Ask the CDC to improve infection control
Join me in supporting universal masking in healthcare and broad use of N95 respirators
Below the divider is my public comment submitted to the CDC’s Healthcare Infection Control Practices Advisory Committee in support of universal masking in healthcare as well as broad use of N95 or better respirators. The current draft guidance does not implement universal masking and includes unsafe recommendations that allow use of loose surgical masks for many airborne infectious diseases, which will almost certainly include COVID under inappropriate interpretations of endemicity.
The written comment period continues to be open until 11:59 pm Eastern time Monday (tomorrow), November 6. Please join me in submitting a comment. Your comment does not need to be lengthy or have scientific references. This committee needs to know about the barriers you have faced in seeking safe access to medical care.
From https://www.cdc.gov/hicpac/meeting.html:
Submission Period to Make a Written Public Comment Opened November 1, 2023, and will Close at 11:59 pm [Eastern time] on November 6, 2023. Please submit your Written Public Comment to HICPAC@CDC.GOV during this Submission Period. All Written Public Comments received before or after the Submission Period opens or closes will not be added to the meeting minutes.
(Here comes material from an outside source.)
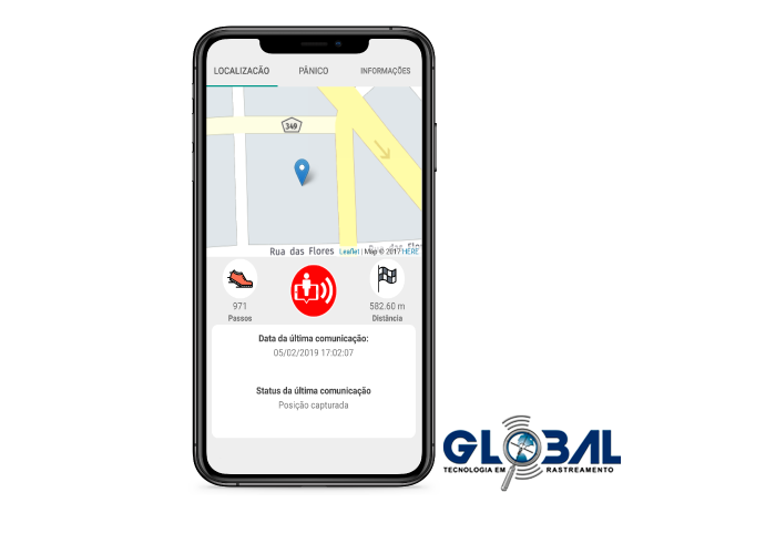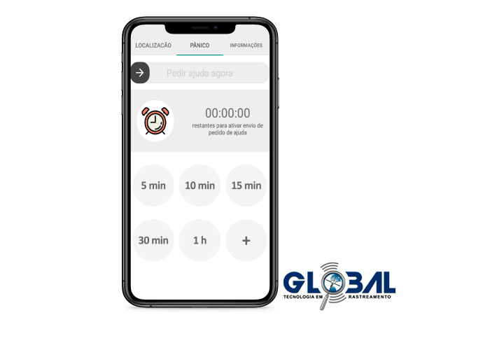 Na tela de Pânico, o envio do Alerta de Pânico para o sistema Global Cianorte pode ser realizado manualmente ou programado a cada 5/10/15/30 minutos, ou 1 hora. Também é possível programar o alerta de pânico em uma localização, caso o rastreado se posicione nela, o alerta será gerado. Se o alerta de pânico não for desativado em um período, um alerta será emitido para que medidas securitárias sejam tomadas.

While you’re at it, also send a note to your elected officials. A compilation of resources related to the CDC HICPAC meeting and related letter campaigns to support improving infection control in healthcare can be found on the Teams Human substack: https://teamshuman.substack.com/i/138572407/cdc-hicpac-its-not-done-submit-comments
Public Comment to CDC HICPAC Committee
Submitted via email on 11/5/2023
I am an MD-PhD physician-scientist and pathologist in Madison, Wisconsin. I’m a volunteer with the People’s CDC and Wisconsin Community Health Action. I have no financial conflicts of interest to disclose.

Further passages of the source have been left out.